Two prominent Florida Senators have filed a bill that would require private employers in Florida to use E-Verify to check the immigration status of every new hire. Under the proposal, private employers would lose “all applicable licenses” to operate in Florida if they fail to register with the E-Verify system.
The bill requires the Florida Department of Economic Opportunity to notify U.S. Immigration and Customs Enforcement upon learning the identity of an unauthorized worker.
The office of Florida Governor Ron DeSantis told the News Service of Florida in September that the Governor would support legislation mandating the system for private employers.
E-Verify in Florida is an emotionally charged issue
The bill was filed by Republican Senator Tom Lee (R-Thonotosassa), a former President of the Florida Senate, and Senator Joe Gruters (R-Sarasota), the Chairman of the Republican Party of Florida. It is expected to draw heated and emotional debate during the 2020 legislative session.

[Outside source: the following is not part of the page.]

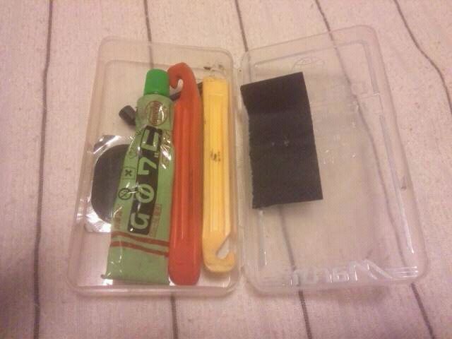 パンク修理に必要な、タイヤを外すレバー、紙ヤスリ、穴をふさぐパッチ、パッチを貼るゴムのり、これら一式がパッケージされたパンク修理キットがホームセンター等で売っています。

Opponents of E-Verify argue that the federal government is responsible for determining immigration policy — and this is true. Proponents note how Congress has proven incapable of enforcing existing immigration law, especially regarding employment — that is also very true.
Similar proposals were introduced in past sessions and failed, due to fierce opposition from the agricultural, tourism and construction sectors, which include some major GOP political donors.
Governor Ron DeSantis signed a bill in 2019 banning sanctuary cities in Florida. During debates over that legislation, Senator Tom Lee argued that E-Verify would be more effective in stopping illegal immigration, because the job market serves as a magnet drawing foreign nationals into the United States.
In a mid-December interview with The News Service of Florida, Senate President Bill Galvano, a Republican, announced his opposition to the measure. In sharp contrast, Governor DeSantis has made the proposal one of his top priorities for the new legislative session, which starts on January 14.
GOP county officials endorse E-Verify amidst strong public support
On January 27, Republican Party of Florida Chairman Joe Gruters held a voice vote of county GOP officials via conference call, in which they endorsed Senate Bill 664. As
Despite the strong opposition from important business sectors, Republican politicians in Florida find it wise to support E-Verify, due to its overwhelming public support. On February 13, Florida Politics reported a new survey by St. Pete Polls which showed that Floridians favor requiring private employers to use E-Verify by a whopping 60% to 28% margin.
Florida Senate Bill 664: Verification of Employment Eligibility
The bill was filed by Senators Tom Lee and Joe Gruters on October 24, and referred to the Florida Senate Committees on Judiciary, Commerce and Tourism, and Rules on November 6.
On February 11, the bill was approved by the Committee on Judiciary in a 4-2 vote along party lines. The bill passed with amendments submitted by committee chairman Senator David Simmons. The amendments “carve out” the agriculture industry, which employs a powerful lobby in Florida politics. The amended bill will also phase in the requirement for smaller employers, as follows:
- Employers having at least 500 employees are exempt until January 1, 2021.
- Employers having at least 250 employees are exempt until July 1, 2021.
- Employers having at least 150 employees are exempt until January 1, 2022.
Amendments proposed by committee vice-chairman Senator José Javier Rodríguez (D-Miami) to carve out health care providers, restaurant and lodging businesses, the construction industry, religious institutions, and schools all failed to gain approval.
Note that in the St. Pete Polls survey mentioned above, the question represented a rigid requirement with no industry-specific carve outs.